Con el estallido del carro bomba en la Escuela de Policía General Santander se despertaron los recuerdos más amargos, se colmó de dolor y luto el presente y se espantaron las esperanzas de futuro en un país al que una minoría de irracionales, escudados en ideologías de derecha e izquierda, le niegan sistemáticamente su derecho a vivir en paz.
Volvió el terror, la sangre, la tragedia, la muerte y también las condenas colectivas, las frases desgastadas, los oportunismos, los señalamientos, la polarización, las amenazas y el miedo. Quienes superamos las edades de las nuevas víctimas ya conocemos ese libreto y las hipócritas puestas en escena que hacen ciertos personajes a través de los medios de comunicación y de las redes sociales.

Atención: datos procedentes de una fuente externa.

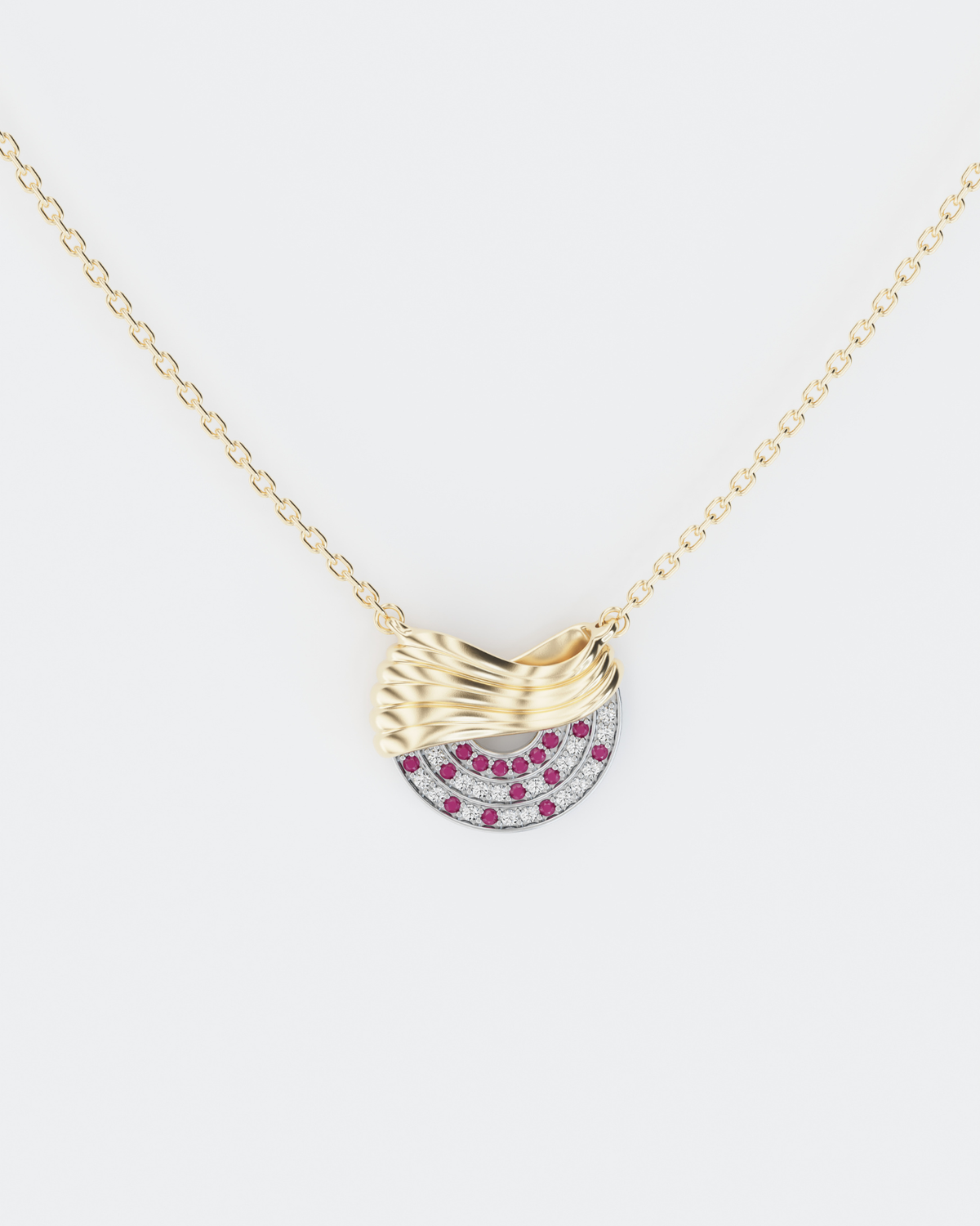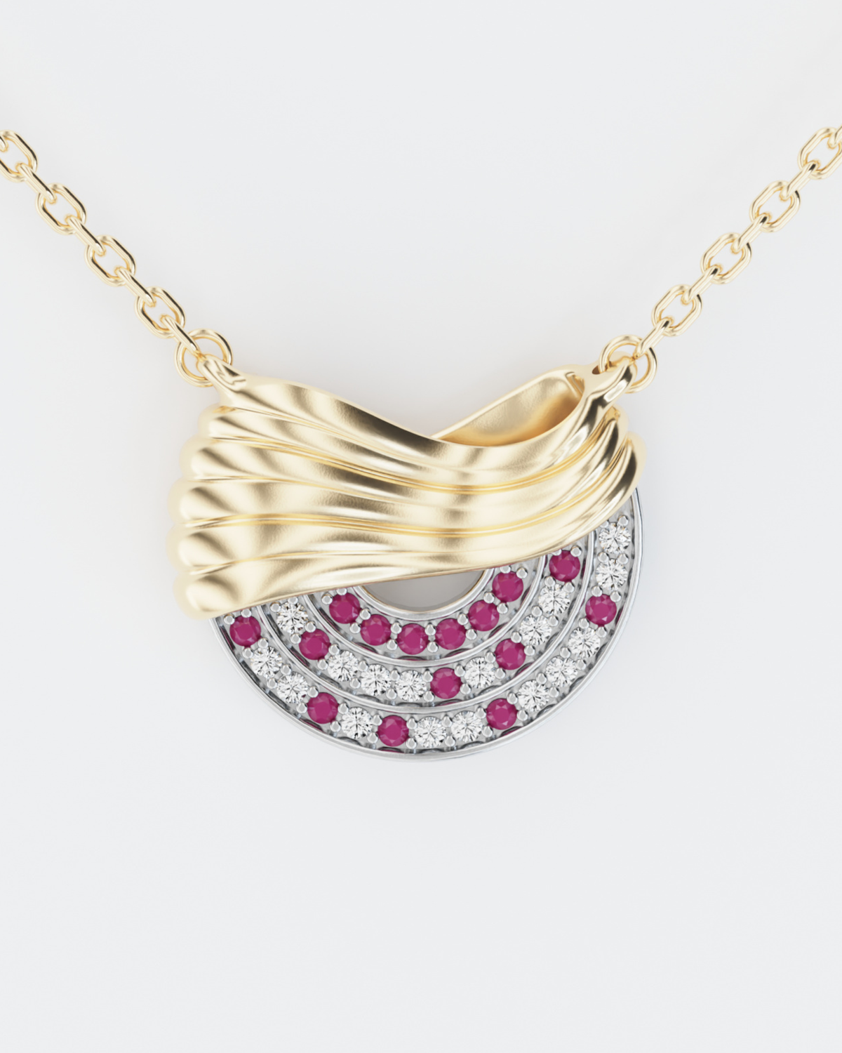 Колекція Марія присвячена Марії Заньковецькій - знаковій постаті українського театру 19-20 століття. Колекція фіксує саму мить її появи на сцені - момент, коли вона стоїть перед залом, а глядачі зібралися, щоб побачити й почути її. Форма прикрас відтворює композицію залу Львівського Театру Марії Заньковецької - його просторову логіку та сценічну орієнтацію. У формі виробів закладено мотив театральних завіс, з-за яких починався кожен її вихід на сцену. Каміння викладено напівколом, повторюючи форму театральних рядів. Діаманти та рубіни розміщені за принципом фактичної схеми зали: рубіни у «першому ряду» символізують найближчих до неї людей, далі червоні акценти поступово розходяться, повторюючи розміщення глядачів у залі. Прикраси виконані із золота 585 проби, інкрустована діамантами і рубінами.

La indignación nacional por el cobarde atentado se desvirtúa por quienes la canalizan como respaldos a sus causas institucionales, ideológicas, partidistas o personales, en tanto que los familiares de las víctimas afrontan en soledad el dolor y la angustia, que carecen de colores y de banderas.
Los 20 muertos de la Escuela General Santander eran jóvenes estudiantes, en su mayoría oriundos de familias humildes de diferentes regiones del país, algunos destacados deportistas de alto rendimiento y grandes promesas para sus respectivas familias. Su elección formativa no los hacía diferentes a miles de muchachos que asisten a las universidades públicas del país y que marchan por las calles en defensa de sus derechos vulnerados.
La muerte los sorprendió en un recinto académico, sus sueños de futuro fueron interrumpidos para convertirlos en héroes de obituarios, en los mártires que nunca quisieron ser, en una nueva cifra de la absurda contabilidad de guerra, que otros propician e incentivan de manera deliberada o agazapada.
Duele, duele mucho la muerte infame de esos chicos, como duele el sacrificio de líderes sociales acallados de manera sistemática y selectiva, y duele también la violenta represión en contra de jóvenes estudiantes que defienden el derecho a una mejor educación.
La paz, que hoy vuelve a estar gravemente amenazada, debe defenderse sin trincheras ideológicas, la mayor conquista por alcanzar es el derecho a la vida. Ya hemos contado demasiados muertos de todos los bandos, no podemos seguir en la estúpida y demencial costumbre de matarnos, de seguir sacrificando a nuestros jóvenes para validar un discurso.
Hay quienes proclaman triunfos militares con los atentados, reivindican la desaparición de líderes sociales como aniquilación de enemigos, estimulan el retorno del terror como demostración de poder y se regodean en la sangres de las víctimas, pero la inmensa mayoría de ciudadanos mantiene vigentes los anhelos de paz y confía en que la sensatez no sea por siempre esquiva, para darle una nueva oportunidad a la vida en Colombia.